Tactics were soon developed; typically to zoom through the bomber formations up to an altitude of 40000 ft, and then to power-dive down through the formation again. This theoretically gave the pilot two chances to aim and fire a few bursts of 30mm cannon fire before gliding back towards the home airfield.

Allied fighter formations countered the Komet in several ways; the extremely short endurance was soon noted, and once in a glide the Komet was highly vulnerable to any escort fighter. Brandis was quickly identified as JG 400's home airfield and strafing attacks curtailed operations.

Many other tactical issues faced the JG 400 pilots apart from the inherent chemical instability of the aircraft's propulsion system and its hypergolic fuel/oxidizer combination.
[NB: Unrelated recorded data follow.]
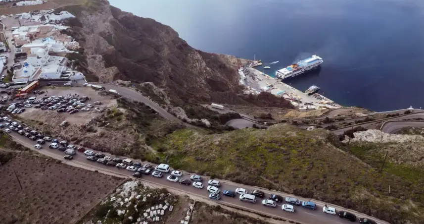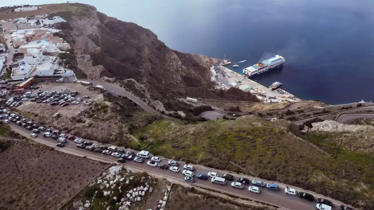 Ayer, en la isla de Santorini, de unos 25,000 habitantes y uno de los destinos más turísticos de Grecia, se produjeron grandes atascos de tráfico en las calles que conducen hacia el puerto y el aeropuerto, mientras miles de lugareños, trabajadores y turistas trataban de abandonar la isla.
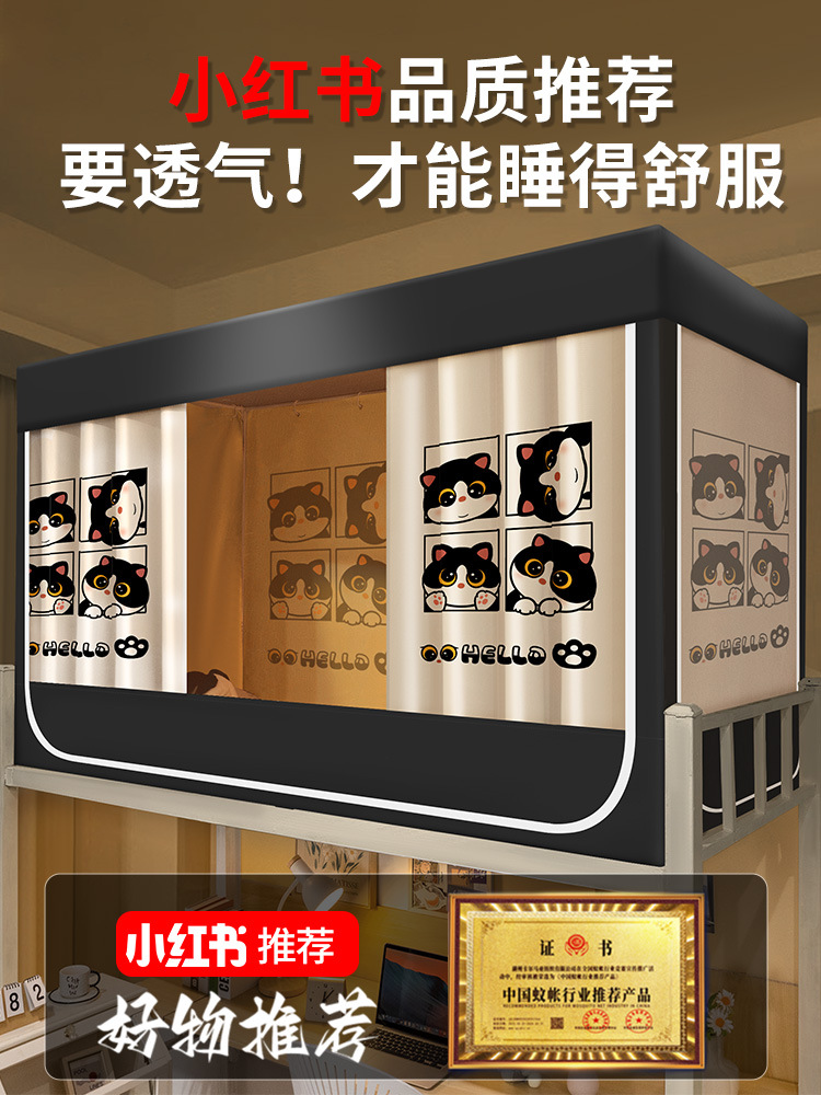 大学生寮のベッドカーテン一体式蚊帳遮光上敷上下敷2024年新2023上下子母
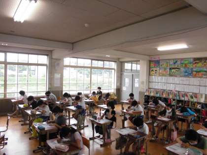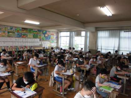 台風10号の接近が心配されていることをニュースなどで見たりしていたことと思います。今日の理科の学習では,台風と防災の単元テストをしました。台風に関する情報を正確に集めることや台風による被害に備えて,自分たちにできることを考えておくことも大切です。学習したことをこれからの生活に生かすことができるようにしてほしいと思います。

It was found very difficult to aim and fire the guns accurately at such high approach speeds. A number of solutions were tried out, the most innovative being fitting a battery of eight 50mm mortars, firing upwards. The mortars were fired by a signal from a photocell in the upper surface of the aircraft. When the Komet flew under the bomber, the shadow of the aircraft above triggered the photocell and the mortar rounds were fired. Research suggests this arrangement was only used once in combat, reportedly destroying a Royal Air Force (RAF) Handley Page Halifax bomber.

Although over 300 Me 163s were produced (including a few Me 163Cs with increased fuel), only 9 confirmed air victories were credited to JG 400 by the end of the war, for 14 Komets lost from all causes (mainly crashes and accidents).

I./JG 400 was disbanded at Brandis in April 1945, while II. Gruppe disbanded at Husum.